Others have picked up on the idea: 365 Hearts, 365 Masks, 365 Bears drawn on a cellphone, 365 paper napkin mustaches.
I wanted to play, too, and I chose books. I love books, I know a bit about making books (thanks to my talented book-maker sister, Marilyn Worrix), and they're broad enough in definition to give me a lot of creative leeway.

The whole point is not really the books. The idea is to stretch myself in many ways as an artist and a person, to set up a discipline, stick with it and see what that teaches me.

I hope you'll join with me and follow along on the journey chronicled here, and let me know what you think.

Wednesday, June 1, 2011

Book 123 - Embossed and Painted Amate Paper Journal

More hand made books to post, now that I am back from an unintentional break. The modem in my poor pitiful laptop finally bit the dust sometime Sunday and so I have had no internet access since then. Wouldn't work in my room in San Miguel and wouldn't work in two different airports I tried. Ahh, technology; it's such a miracle... except when it's not.

So while I have continued making handmade books, I have not been able to post them here. Time for a little catch up...

Book 123 is another amate bark paper journal. This piece has been embossed and hand painted. I bought it like this at the Artisans' Market, although it might be interesting to try embossing some myself. (but that's for another day and another project).

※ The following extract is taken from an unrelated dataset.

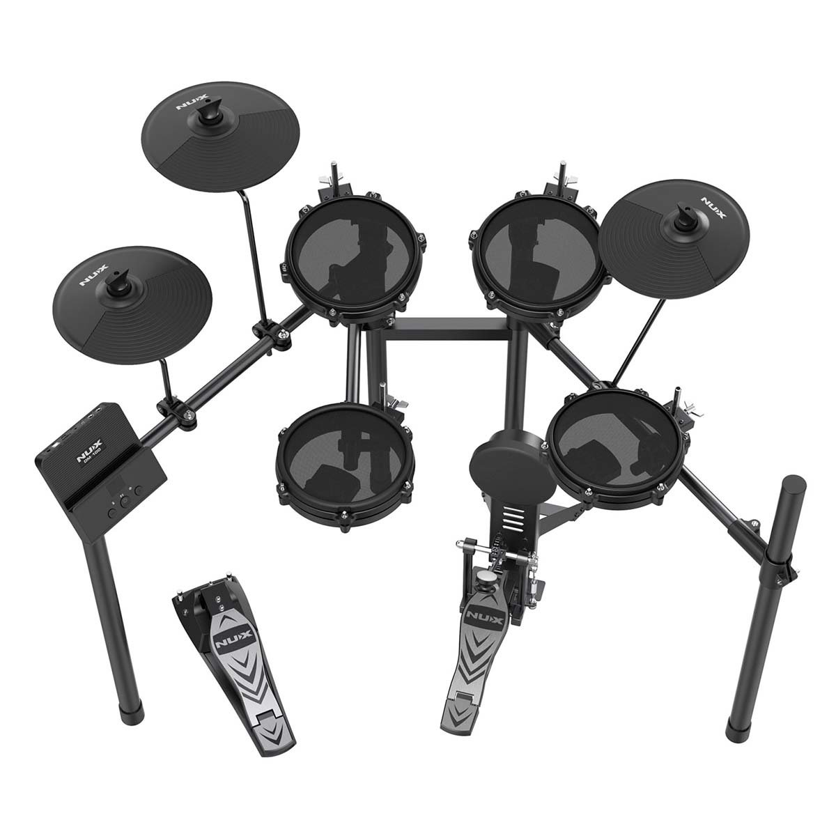 El NUX DM-110 es un kit de batería digital portátil de alto rendimiento diseñado para músicos principiantes y de nivel intermedio. Con un diseño compacto y robusto, este kit ofrece una experiencia de toque realista gracias a su estructura metálica y pads de goma de alta calidad. Su disposición es más natural, alineada con la de una batería acústica, lo que asegura una sensación cómoda y auténtica al tocar.

I now know from firsthand experience that for all its thickness, amate paper can be fragile. It tears easily, and stitching with a longstitch binding can pull right through the paper. So I first stitched the signatures to a separate spine of cardstock. Then I glued that cardstock spine to the center of the inside of the amate paper cover and stitched the book block to the cover with a single row of pamphlet stitches. The glue I had available is not very good so there are gaps, but now that I am back in the US, I will add some better glue to make the structure of this handmade journal stronger.

I'm sure I haven't invented this type of book binding, but I haven't seen it in any of my books on bookmaking. I just thought through the problem and made this up. It seems to work.

I brought about 30 sheets of amate paper home with me so I'll have some to play with for future hand bound books.